Muhammad Ali on Race and Marriage
December 26, 2011
IN THIS 1971 BBC interview, Muhammad Ali passionately defends racial identity and explains why he objects to interracial marriage. It’s well worth watching for his unapologetic and commonsense arguments. Sir Michael Parkinson, his interviewer, is a typical liberal sap. He insists that the races are all the same and only “society has made us different.” To which Ali instantly responds, “No, God made us different.”
Ali is applauded by the audience. “It’s nature to just want to be with your own,” he says. “I want to be with my own…. You a hater of your people if you don’t want to stay who you are. Are you ashamed of what God made you? God didn’t make no mistake when he made us all as we are.”
“I think that’s a philosophy of despair,” Parkinson says.

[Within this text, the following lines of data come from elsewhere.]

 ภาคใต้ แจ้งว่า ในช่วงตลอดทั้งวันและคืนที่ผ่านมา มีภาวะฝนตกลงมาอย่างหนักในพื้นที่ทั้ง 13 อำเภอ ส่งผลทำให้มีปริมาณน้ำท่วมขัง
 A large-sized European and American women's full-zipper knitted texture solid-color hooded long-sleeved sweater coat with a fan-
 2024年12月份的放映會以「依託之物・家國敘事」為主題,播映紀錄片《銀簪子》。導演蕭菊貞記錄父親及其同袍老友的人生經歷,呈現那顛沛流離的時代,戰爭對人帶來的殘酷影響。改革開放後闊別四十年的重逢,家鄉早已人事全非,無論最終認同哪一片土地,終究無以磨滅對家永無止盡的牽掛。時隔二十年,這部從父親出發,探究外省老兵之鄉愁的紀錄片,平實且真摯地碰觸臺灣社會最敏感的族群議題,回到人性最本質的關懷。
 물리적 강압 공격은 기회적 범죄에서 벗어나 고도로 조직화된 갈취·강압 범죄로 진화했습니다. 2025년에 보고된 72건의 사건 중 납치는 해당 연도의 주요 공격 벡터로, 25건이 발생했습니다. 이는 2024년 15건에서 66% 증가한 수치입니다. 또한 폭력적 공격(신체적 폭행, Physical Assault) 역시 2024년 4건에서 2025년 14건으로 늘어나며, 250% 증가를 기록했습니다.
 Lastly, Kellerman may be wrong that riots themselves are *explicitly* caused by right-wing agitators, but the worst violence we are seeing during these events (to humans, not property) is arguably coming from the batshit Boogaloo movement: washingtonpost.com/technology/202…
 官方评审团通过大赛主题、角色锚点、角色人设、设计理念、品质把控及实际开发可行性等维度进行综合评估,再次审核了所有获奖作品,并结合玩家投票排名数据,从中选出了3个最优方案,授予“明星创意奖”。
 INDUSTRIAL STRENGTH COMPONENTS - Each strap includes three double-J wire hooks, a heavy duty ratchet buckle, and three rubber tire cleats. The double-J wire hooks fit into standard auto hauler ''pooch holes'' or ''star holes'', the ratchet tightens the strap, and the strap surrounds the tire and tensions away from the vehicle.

“Despair?” Ali says. “That ain’t no despair. [applause] I tell you no woman on this earth … can please me like my American black woman… I want to be with my own. I love my people.”
No white person could make the same arguments today without risking his livelihood and accusations of serious psychological illness. Was Ali sick and evil when he defended racial identity? No, he was the most normal of men. He was healthy and honest.
— Comments —
Buck, who sent the video, writes:
Ali’s take on this important subject was another thing, that, as a very young man, I admired about him. He had a unique and very effective way of expressing himself.
Hannon writes:
Thanks so much for posting this. It exceeded my expectations and was a superb display of the chasm between the truly sick modern liberal philosophy (in 1971 no less) and, as you say, a normal healthy view of the subject at hand. It was also an early and very powerful demonstration of British cultural suicide as against American exceptionalism. Of course, the BBC was the icing on the cake!